Translating this potential into reality requires changes on many levels including technology and physician education. While there are virtually thousands of EHR systems currently on the market, most are built primarily for data storage and are unable to collect patient data in a structured manner. An EHR system that is highly intuitive and built to support structured data is essential to enable wide-reaching virtual grand rounds and sharing of treatments and outcomes.

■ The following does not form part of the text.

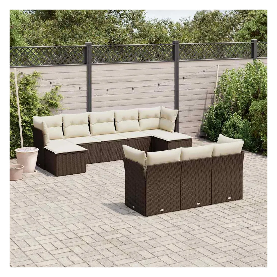 Cet ensemble de canapés de jardin est le complément parfait de votre arrière-cour, terrasse ou patio, offrant un espace confortable et accueillant pour discuter avec la famille et les amis ou simplement se détendre et profiter de l'extérieur. Matériau durable : la résine tressée, également connue sous le nom de poly rotin, est un matériau synthétique solide et nécessitant peu d'entretien qui ressemble au rotin naturel. Il est léger, facile à nettoyer et couramment utilisé pour les meubles d'extérieur en raison de sa durabilité et de ses propriétés de résistance aux intempéries.Expérience d'assise confortable : ce mobilier d'extérieur, doté de coussins épais, offre une expérience d'assise confortable.Housse amovible et lavable : ces coussins de siège sont dotés de housses amovibles pour un lavage et un entretien faciles.Conception modulaire : cet ensemble de meubles d'extérieur a une conception modulaire, ce qui le rend complètement flexible et facile à déplacer, afin que vous puissiez créer un agencement de meubles d'extérieur personnalisé. Bon à savoir :Pour que vos meubles d'extérieur restent beaux, nous vous recommandons de les protéger avec une housse imperméable.

Along with the technology to support this innovative model, physician education will be essential to boost adoption and build a network significant enough to compile rich data sets. It is also important to note that data by itself doesn’t do anything; you need a community of physicians, scientists and researchers to transform data into wisdom and elevate grand rounds to its fullest potential by pooling the resources of providers nationwide. By rethinking the patient visit to visualize treatment data at the point of care using a highly intuitive EHR system, physicians can make more effective decisions. In real time, a provider can see their treatment profile for any given disease and see how it compares to the patterns of their colleagues in their practice and their peers nationally. This creates a national standard of care to improve medical compliance and decision-making. With this new grand rounds paradigm, there is potential for massive increases in efficiency, improvements in patient outcomes and even health cost reductions.



[1] Boukus, Ellyn, Alwyn Cassil and Ann S. O’Malley, A Snapshot of U.S. Physicians: Key Findings from the 2008 Health Tracking Physician Survey, Data Bulletin No. 35, Center for Studying Health System Change, Washington, D.C. (September 2009).

[2] U.S. Department of Health and Human Services, Doctors and hospitals’ use of health IT more than doubles since 2012, Press Release, Washington, D.C. (May 2013).